**Problem details**
Retype exactly the span of lines below from the one with "Fazit • Goethes" through the one with "Peach and Goma, the". Do not include pictures.

**Data excerpts**
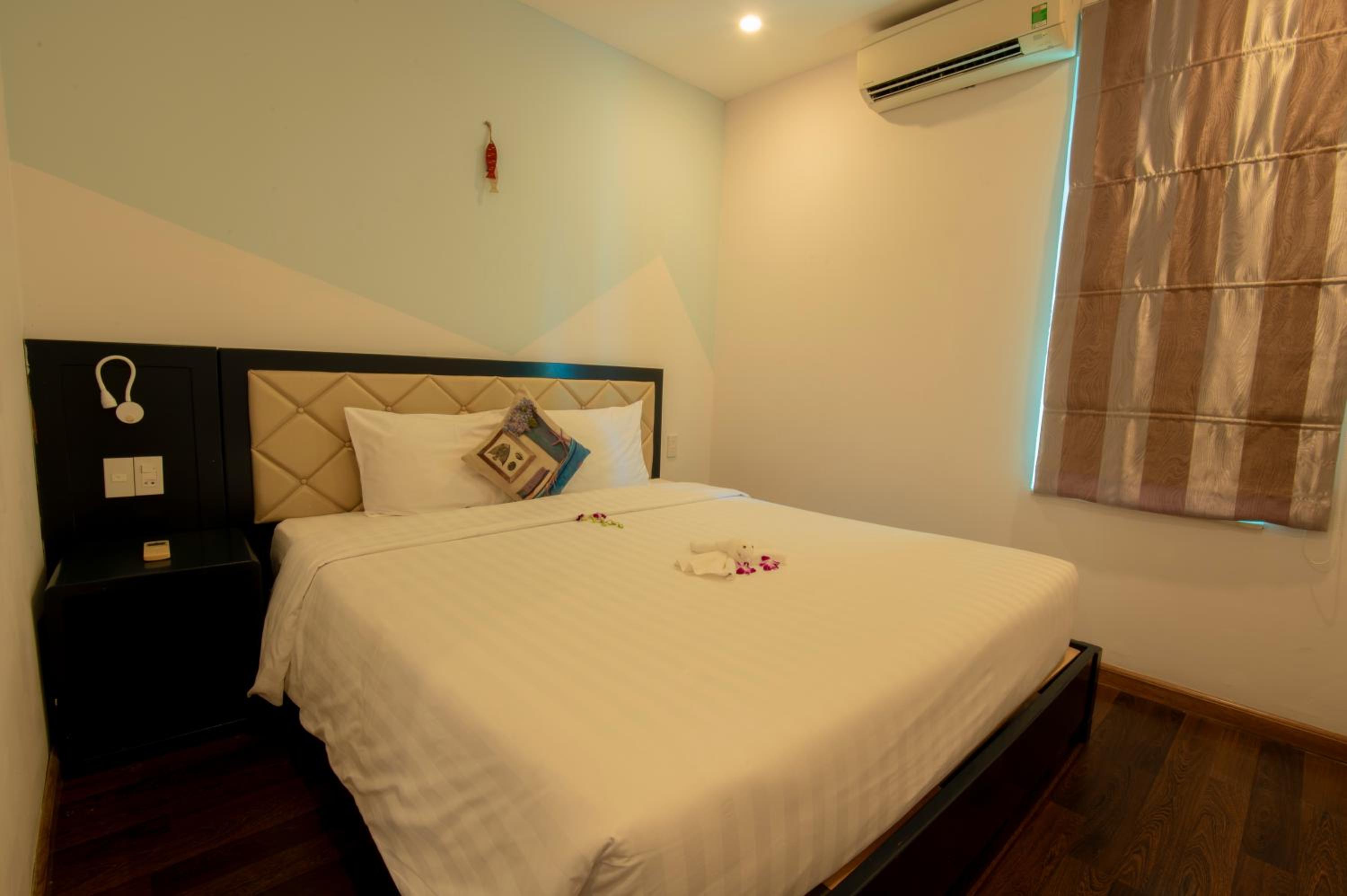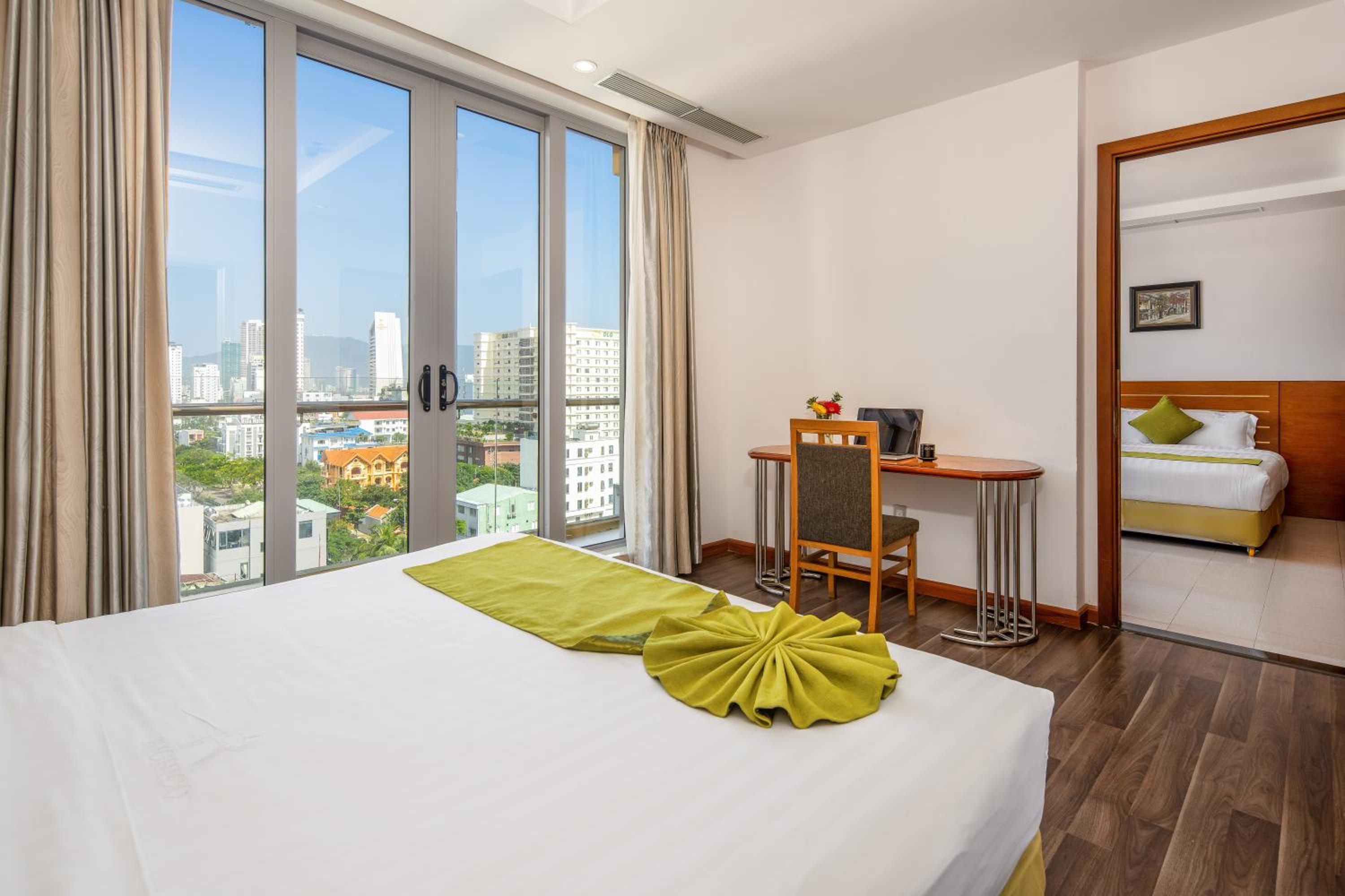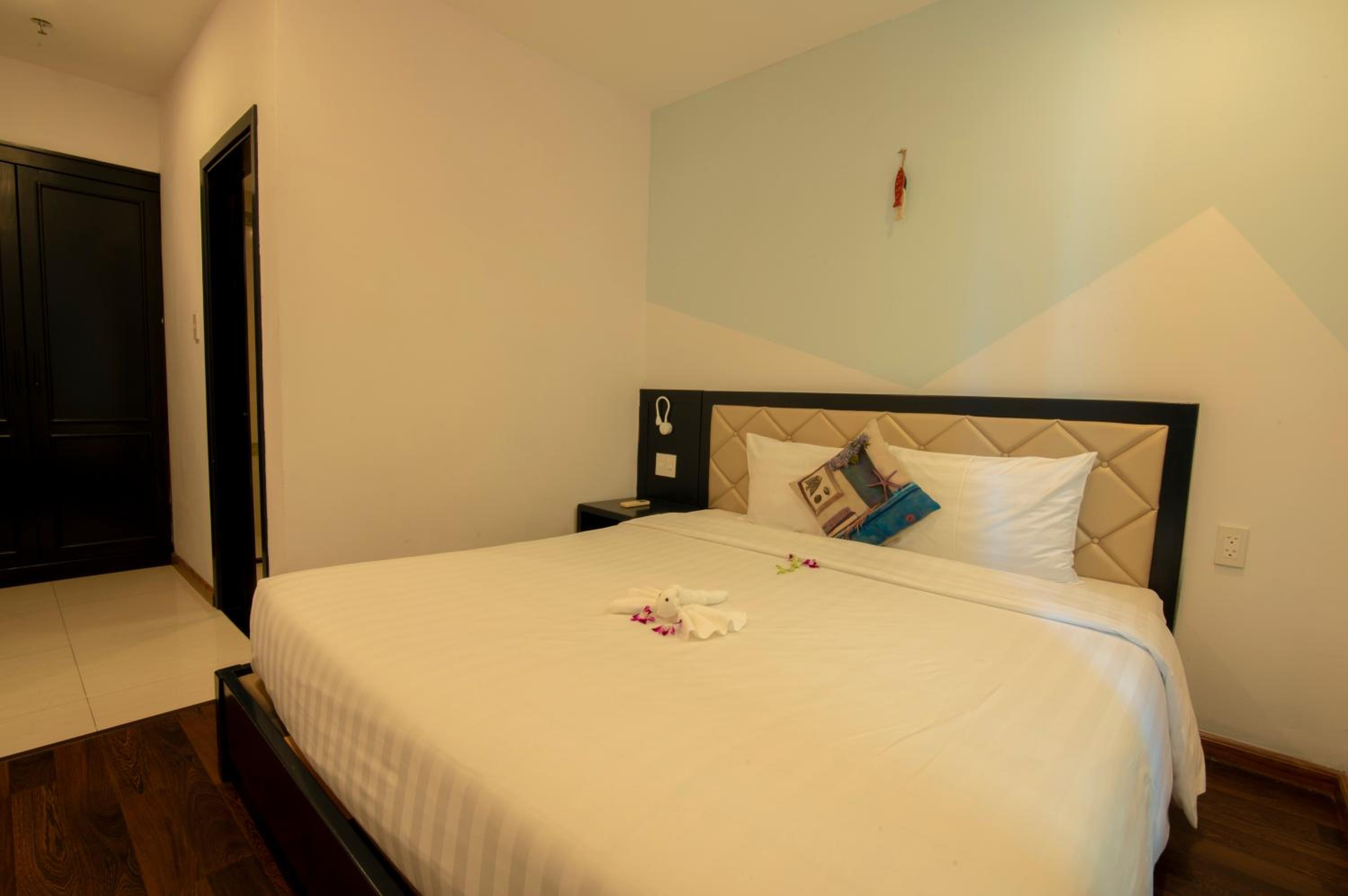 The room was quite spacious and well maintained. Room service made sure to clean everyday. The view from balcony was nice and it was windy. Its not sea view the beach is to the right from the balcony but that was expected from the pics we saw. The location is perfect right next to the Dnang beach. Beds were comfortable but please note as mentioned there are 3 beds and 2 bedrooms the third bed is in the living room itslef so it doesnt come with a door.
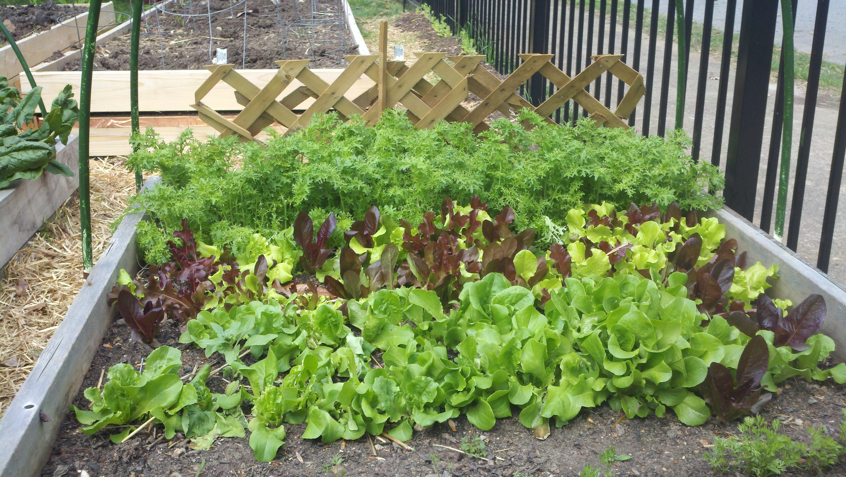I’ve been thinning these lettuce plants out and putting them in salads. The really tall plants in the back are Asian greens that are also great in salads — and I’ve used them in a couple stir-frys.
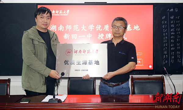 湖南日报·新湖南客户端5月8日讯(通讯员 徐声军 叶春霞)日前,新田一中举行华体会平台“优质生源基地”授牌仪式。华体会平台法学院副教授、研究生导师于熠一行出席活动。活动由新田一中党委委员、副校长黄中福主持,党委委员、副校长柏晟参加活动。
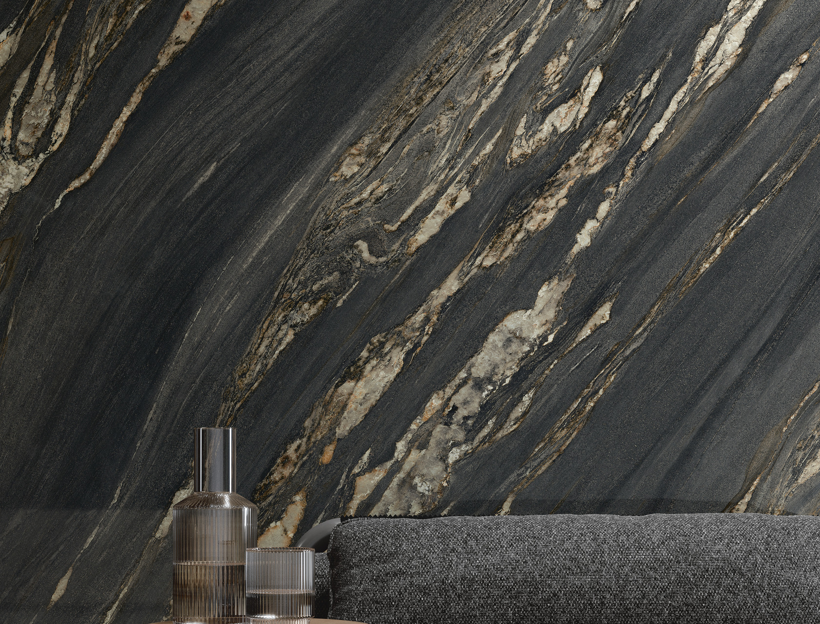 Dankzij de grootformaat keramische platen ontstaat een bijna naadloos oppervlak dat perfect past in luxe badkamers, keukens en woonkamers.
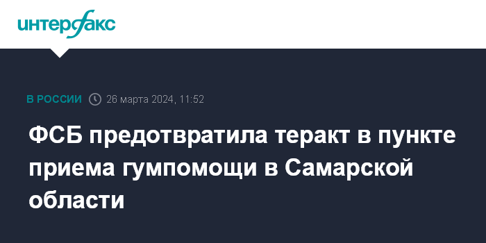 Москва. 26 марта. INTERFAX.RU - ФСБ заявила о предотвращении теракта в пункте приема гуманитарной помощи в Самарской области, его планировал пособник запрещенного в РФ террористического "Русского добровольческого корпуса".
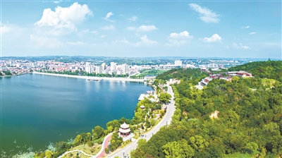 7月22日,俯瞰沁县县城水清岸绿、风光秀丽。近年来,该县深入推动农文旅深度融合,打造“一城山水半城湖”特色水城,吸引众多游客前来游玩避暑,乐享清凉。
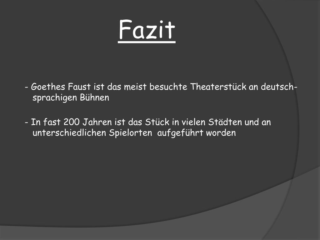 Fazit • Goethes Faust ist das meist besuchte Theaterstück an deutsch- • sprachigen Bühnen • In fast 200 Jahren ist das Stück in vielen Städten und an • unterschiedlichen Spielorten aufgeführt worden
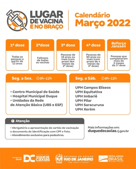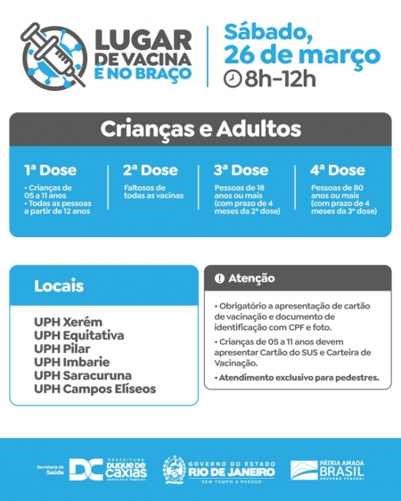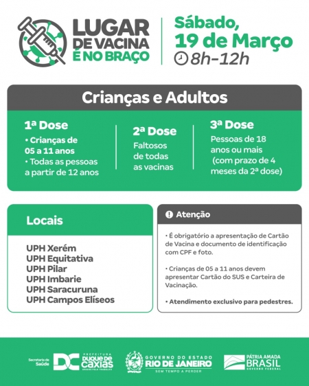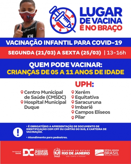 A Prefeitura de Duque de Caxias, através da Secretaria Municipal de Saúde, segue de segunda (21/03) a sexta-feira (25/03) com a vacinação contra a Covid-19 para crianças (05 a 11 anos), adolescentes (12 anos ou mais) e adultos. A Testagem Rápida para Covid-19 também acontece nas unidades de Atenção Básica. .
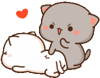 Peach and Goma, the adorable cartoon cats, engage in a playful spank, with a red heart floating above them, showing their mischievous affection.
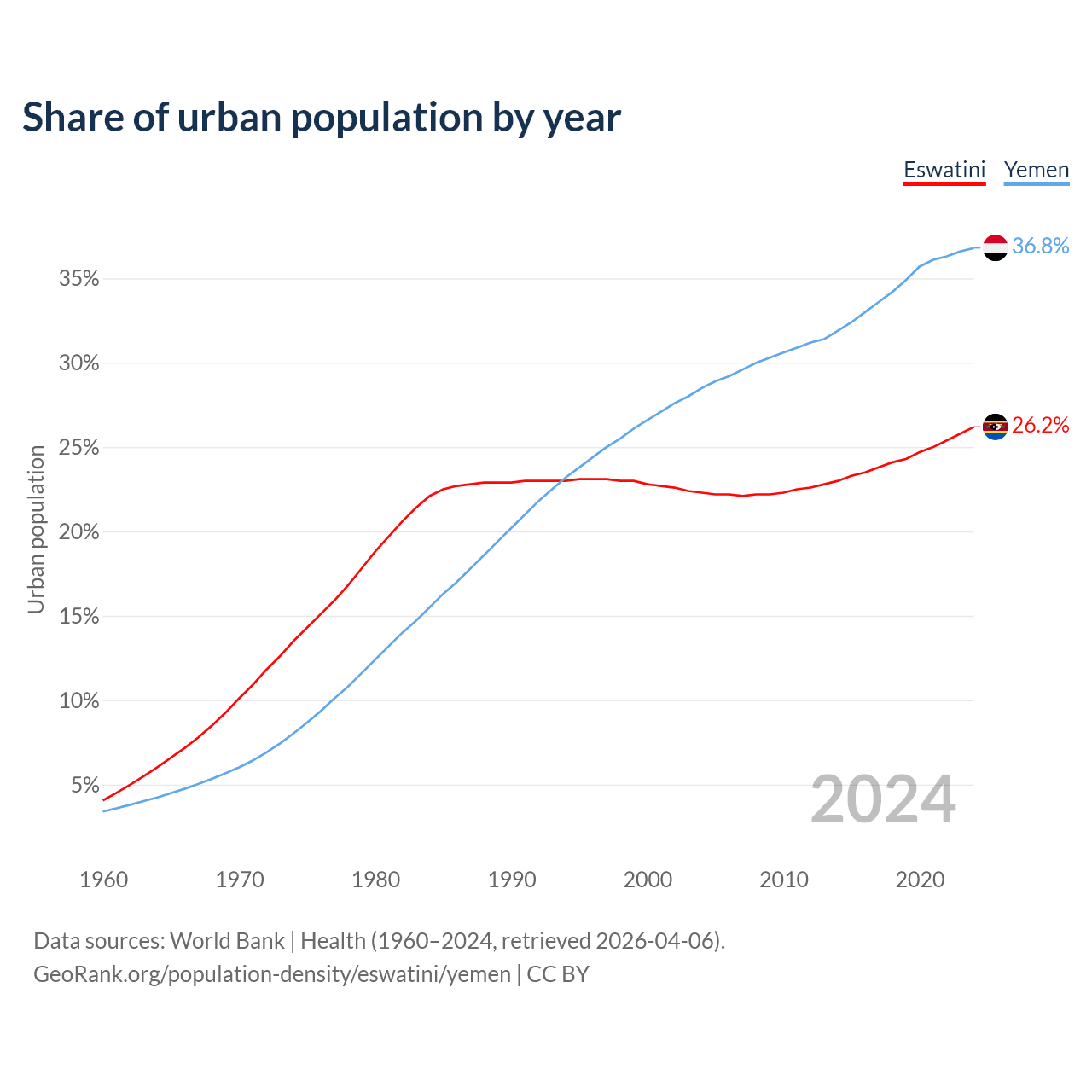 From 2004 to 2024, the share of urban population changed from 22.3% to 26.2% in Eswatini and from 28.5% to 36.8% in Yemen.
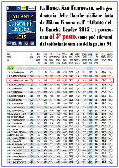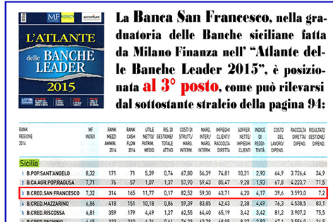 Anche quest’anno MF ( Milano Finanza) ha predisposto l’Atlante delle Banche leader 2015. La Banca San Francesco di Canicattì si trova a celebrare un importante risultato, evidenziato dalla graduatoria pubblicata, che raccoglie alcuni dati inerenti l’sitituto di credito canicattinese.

**Task output**
 Fazit • Goethes Faust ist das meist besuchte Theaterstück an deutsch- • sprachigen Bühnen • In fast 200 Jahren ist das Stück in vielen Städten und an • unterschiedlichen Spielorten aufgeführt worden
 A Prefeitura de Duque de Caxias, através da Secretaria Municipal de Saúde, segue de segunda (21/03) a sexta-feira (25/03) com a vacinação contra a Covid-19 para crianças (05 a 11 anos), adolescentes (12 anos ou mais) e adultos. A Testagem Rápida para Covid-19 também acontece nas unidades de Atenção Básica. .
 Peach and Goma, the adorable cartoon cats, engage in a playful spank, with a red heart floating above them, showing their mischievous affection.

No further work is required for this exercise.